The website The Genealogist has a series of printed books which list landowners by county. Each county book has a heading with the name of the county, followed by the Population in 1871, number of Inhabited Houses, and the Number of Parishes.
The landowner information is laid out in tables with these headers:
- Name of Owner
- Address of Owner
- Extent of Lands
- Gross Estimated Rental
I am guessing that the figures for the Population, the number of Inhabited Houses, and the Number of Parishes come from the statistics generated when the 1871 Census record was taken, and that the information in the tables come from rate books such as the ones found in the Plymouth & West Devon Rate Books 1598- 1933 on Find My Past.

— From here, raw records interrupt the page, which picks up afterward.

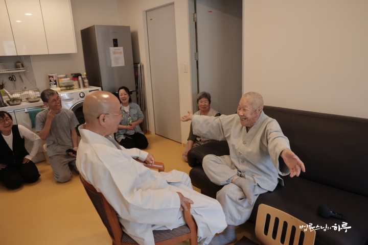 “저는 필요한 게 아무것도 없습니다. 오늘 스님을 보는 것만으로도 마음이 만족스러워서. 이렇게 춤이라도 추고 싶습니다.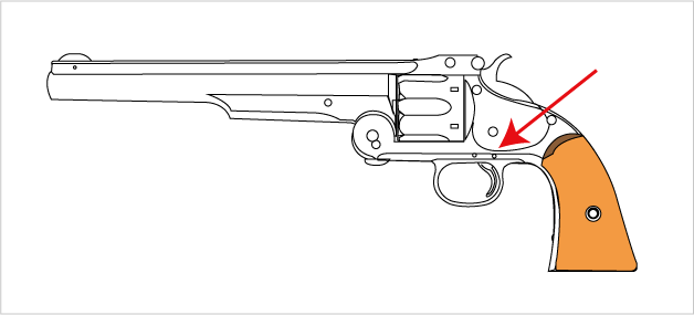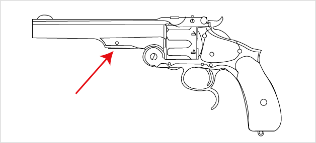 S&W No.3 拳銃のバレルロックがバレル側に付いていると二つ折りにする際に両手が必要なので、スコーフィールド少佐が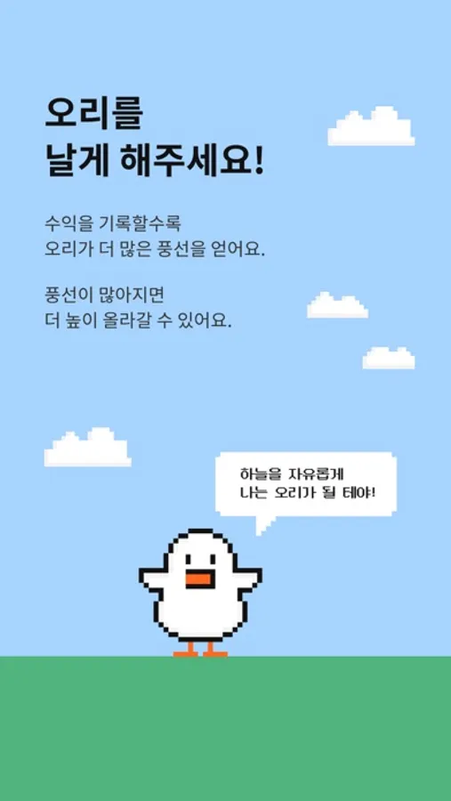 수익을 기록할수록 오리가 더 많은 풍선을 얻어요. 풍선이 많아지면 점점 높이, 더 멋진 풍경의 하늘까지 날 수 있어요. 오리에게도 당신에게도 멋진 일들이 벌어질거에요!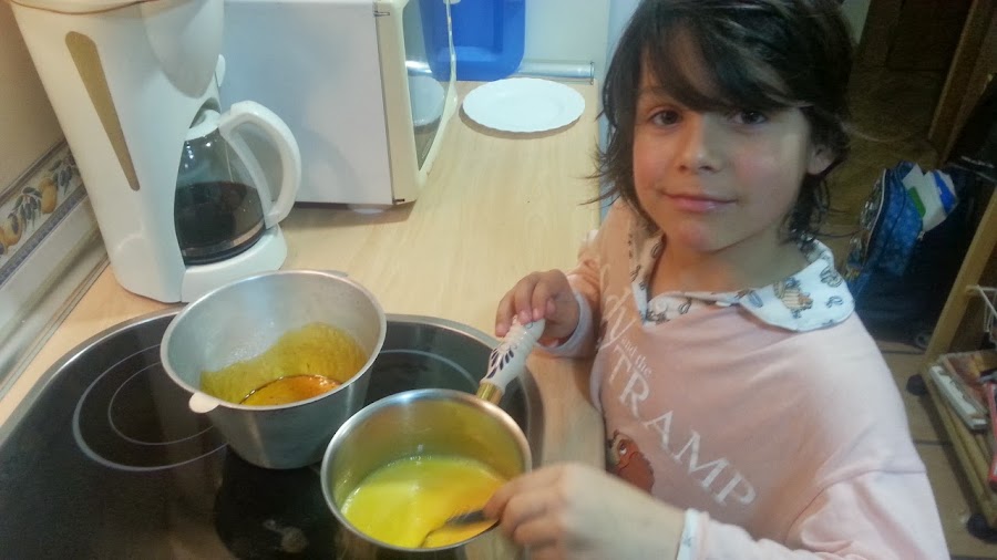 vais girando la flanera para ir cubriendo las paredes de la misma. ¡OJO! quema mucho ehhh, cuidado con que se os caiga o con probarlo, os podeis abarasar.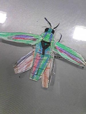 三沢コミュニティセンターに併設されている、昆虫の博物館です。 現在は、宝石のような美しい虫ばかりを集めた企画展が行われて いますので、ぜひみなさんも足を運んでみてください! さて、よねざわ昆虫館の専門員・島貫さんに出演していただいてるのが 四丁目マーケットの「教えて!島貫さん」のコーナーです。 先日も、収録で昆虫館におじゃましたところ、お父さんと一緒に 展示を見に来た6才の女の子に出会いました。 そして、その女の子が持っていたのが、写真のタマムシ!! 紙に色鉛筆で色がつけてあって、しかも羽が開くという仕掛け付き! 何かお手本を見て作ったわけではなく、その女の子のオリジナル なんだそうです!! 観察眼と想像力、器用さにびっくりしちゃいました☆ 他にも、紙昆虫のコレクションがあるとか…。ぜひ見てみたい!! |
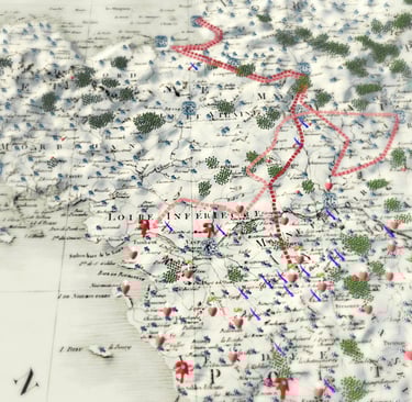Découvrez l'itinéraire de la virée de Galerne, campagne militaire de la guerre de Vendée pendant la Révolution française qui s'est déroulée dans le Maine, en Bretagne, en Normandie et en Anjou.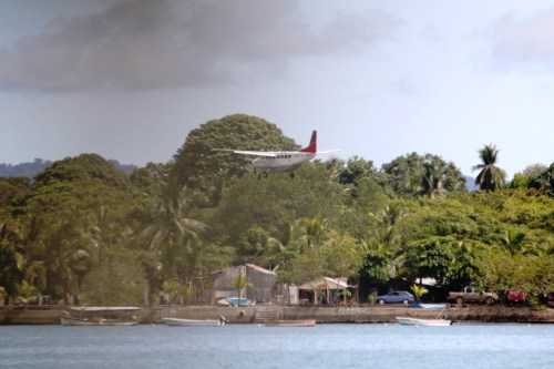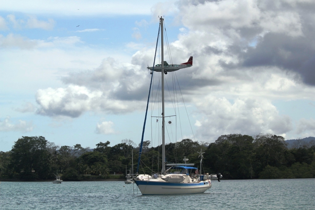 We just happen to be anchored in front of it, apparently separated merely by a small copse of palm trees, judging by the proximity of the small “puddle-jumper” planes zipping by … Needless to say, watching take-offs and landings becomes my favorite pasttime.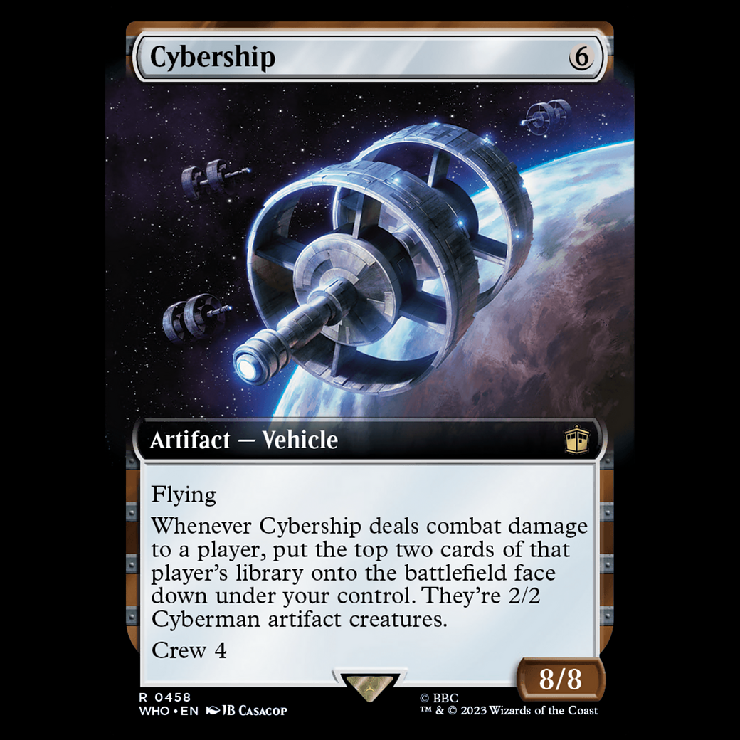 Whenever Cybership deals combat damage to a player, put the top two cards of that player's library onto the battlefield face down under your control. They're 2/2 Cyberman artifact creatures.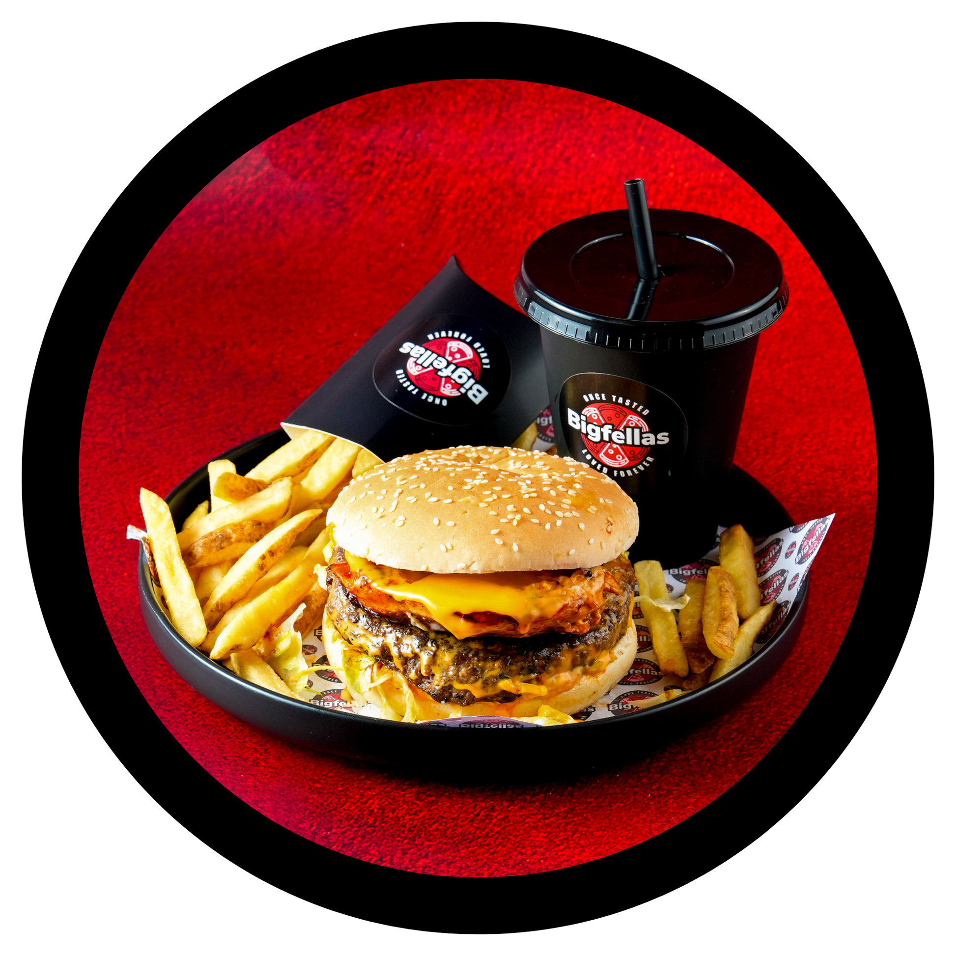 Smashed Angus Beef Patty, Flame Grilled Chicken Fillet, melted Cheese, onions, Lettuce, sauce, served in a Brioche Bun with Fries.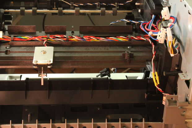 * Instale el nuevo Sensor de salida para el más central (izquierda) Duplex Asamblea resalto de montaje ubicado en el borde posterior de la plataforma de papel, usando el tornillo que guardó cuando usted quita la Asamblea Duplex [Foto]. Asegúrese de que está orientada correctamente. Encaje el cable en el canal de cable con el Motor principal de los cables, luego traer a través del orificio cerca de la esquina de la unidad. Enchufe el conector en el receptáculo de salida Sensor (J-14) en la tarjeta controladora.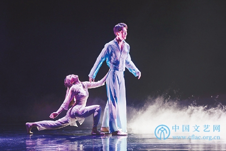 当茉娘从梦境的迷思成为清晰的追忆,她融入到一队青春袭人的少女之中……当这队少女从上场门后区沿前向对角线款款行来,你怎能不感受到“运河姑苏”的青翠欲滴、清风拂面、清冽可人……编导本意是想凸显茉娘心中的那束“光” ,那个“他” ,但却深知那“光”的价值取决于觅光者的品质,观众随着茉娘的袭人青春看到了更为青春袭人的“他” ……虽然只是擦肩而过,却仿佛曾经同衾而眠,让茉娘怦然心动、猝然情迷——这大概就是明代大才子汤显祖所言“不知所起,一往而深”之“至情” 。也的确,有波光流水的铺垫,有茉娘梦境的念想,再有少女青春的氤氲弥漫……那个极不易塑造的“他”塑造得极为不同凡响——有几分书生意气,有几分羁旅风霜,有几分侠肝义胆,有几分古道热肠……当编导杨威一再希望观众和自己一起去感受茉娘“对生命的渴望”之时,我当然相信她也是把“渴望”视为生命的原动力!

What I'd like to know is the provenance of these printed landowner books. I've looked all over The Genealogist and I don't see an answer in their research guides. The sequences for the individual county books don't seem to include any front matter (title pages, publication information, or lists of abbreviations found in the books).
Gross Estimated Rental is expressed in £. s. which seems clear enough (pounds and shillings). The Extent of Land is marked A. R. P. -- is this Acre, Rood, Perch as seen on this Conversion Chart and Calculator?
Were these books for England and Wales published by the Office of National Statistics or one of the agencies that came before it? I'd like to know so I can write a proper citation, and be sure I'm reading the entries correctly.
It would also be useful to know which years these books were published, so I could look for copies at other repositories. This is the kind of book which is ridiculously simple to look for if you know the title of the report, but if you don't already know, searching for the likely keywords yields too many results.
Update: according to the featured article at The Genealogist What Land Did My Ancestor Own or Occupy?, speaking about the Tithe apportionment, it says (emphasis mine):
The apportionment gives us the measurement in acres, roods and perches and the value of the tithe payable to the Rector. Infuriatingly, the size of these units of measurement could vary according to the locality that they were applied.